C'est la grande technique : assurer qu'on va respecter un principe, et dans le même temps, lui tordre le cou en appelant à briser les tabous et à sortir des carcans.
On a déjà examiné en détail la proposition de loi Richard Maillé, qui ne va pas très loin, il est vrai, mais écorne déjà sérieusement le principe du repos dominical. Ne soyons pas dupes : une fois que la brèche sera ouverte, les nouvelles exceptions passeront comme une lettre à la Poste. On a ici même beaucoup débattu des conséquences que pourraient avoir une libéralisation du travail du dimanche. Et beaucoup dénoncé l'hypocrisie de ceux qui ouvrent déjà chaque dimanche au mépris de la législation. Pas de radar pour eux.

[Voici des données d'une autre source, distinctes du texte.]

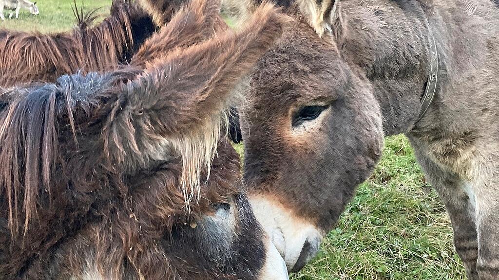 Iiiiaaaaahh – am Sonnenberg in Arth herrscht grad Aufregung. Fünf Esel rennen in rasantem Tempo die Wiese hinunter. Kurz vor dem Zaun machen sie einen gekonnt-abrupten Halt. Mit gespitzten Ohren begrüssen sie ihren Besitzer und Freund Olivier Nussbaum freundlich. Das Eselfohlen Auri hüpft vor Freude und kuschelt sich mit seiner Mutter Maya an seinen Besitzer. Dieser krault die beiden am Hals. «Meine Esel sind sehr anhänglich und haben Freude, wenn ich sie besuche», lacht er.

Je ne vais pas aborder à nouveau les contours économiques de cette loi, même si je reste persuadé, d'une, que le portefeuille des Français n'étant pas extensible, l'ouverture des commerces le dimanche n'augmentera pas leur pouvoir d'achat, et de deux, que les grands perdants seront une nouvelle fois les commerces de ville, si l'on en reste là. Je reste aussi convaincu qu'une "pause commerciale" ne fait pas de mal pour l'Homme. Marre de voir des gens se promener en famille dans les centres commerciaux! Ils seraient aussi bien en forêt à cueillir des champignons.
Pour le reste, les syndicats me paraissent totalement hors-sujet en se focalisant uniquement sur la question du libre choix et du salaire. C'est bien sûr une revendication importante, mais il faut dépasser cet aspect : même payé double et choisi librement (mais ne rêvons pas), le travail dominical ne serait pas satisfaisant.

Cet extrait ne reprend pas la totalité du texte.